Exercise requirements
An exact copy of the entries is required, excluding any pictures.
─── Entries shown
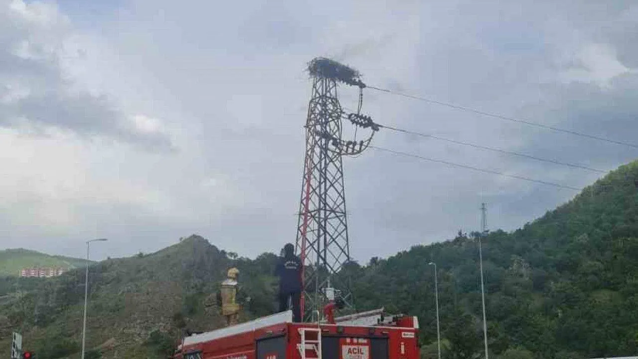 Kızılcahamam Sanayi girişinde elektrik direği üzerinde bulunan leylek yuvasına yıldırım düştü.
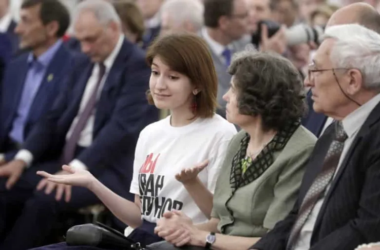 Բողոքի ակցիա Կրեմլում. «Ես/Մենք Իվան Գոլունով ենք» գրությամբ շապիկով աղջիկը 1 ժամ նստել է Պուտինի դիմաց (տեսանյութ)
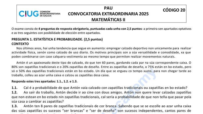 Enunciado oficial del examen de Matemáticas II de la convocatoria extraordinaria de 2025 de la ABAU/PAU de Galicia. PDF de 0.2 MB. Descarga gratuita y sin registro. ¿Preparando la selectividad? Calcula tu nota estimada o consulta la guía completa de selectividad 2026. Encuentra todos los exámenes de Matemáticas II en Galicia o explora las 17 comunidades autónomas.
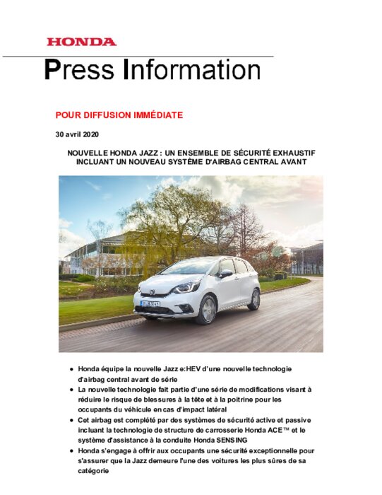 Illustration de l’engagement de Honda pour la sécurité des occupants, la nouvelle Honda Jazz est le premier modèle de la marque en Europe, et le premier modèle de sa catégorie sur le marché, équipé de série de la nouvelle technologie d'airbag central avant. Cette fonctionnalité exclusive de sécurité passive n’est que l’un des éléments de l’ensemble exhaustif de systèmes de sécurité et d'assistance à la conduite de la nouvelle Jazz...
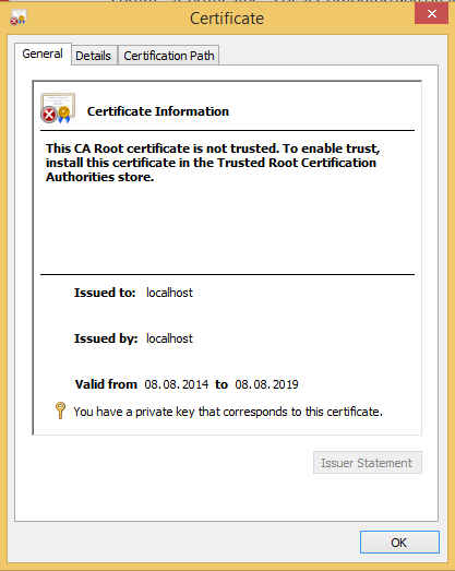 Under My Certificates/Certificates (see above under Installation), double click the certificate to be signed. The Properties window of the certificate opens.
──────
Answer to the exercise
 Kızılcahamam Sanayi girişinde elektrik direği üzerinde bulunan leylek yuvasına yıldırım düştü.
 Բողոքի ակցիա Կրեմլում. «Ես/Մենք Իվան Գոլունով ենք» գրությամբ շապիկով աղջիկը 1 ժամ նստել է Պուտինի դիմաց (տեսանյութ)
 Enunciado oficial del examen de Matemáticas II de la convocatoria extraordinaria de 2025 de la ABAU/PAU de Galicia. PDF de 0.2 MB. Descarga gratuita y sin registro. ¿Preparando la selectividad? Calcula tu nota estimada o consulta la guía completa de selectividad 2026. Encuentra todos los exámenes de Matemáticas II en Galicia o explora las 17 comunidades autónomas.
 Illustration de l’engagement de Honda pour la sécurité des occupants, la nouvelle Honda Jazz est le premier modèle de la marque en Europe, et le premier modèle de sa catégorie sur le marché, équipé de série de la nouvelle technologie d'airbag central avant. Cette fonctionnalité exclusive de sécurité passive n’est que l’un des éléments de l’ensemble exhaustif de systèmes de sécurité et d'assistance à la conduite de la nouvelle Jazz...
 Under My Certificates/Certificates (see above under Installation), double click the certificate to be signed. The Properties window of the certificate opens.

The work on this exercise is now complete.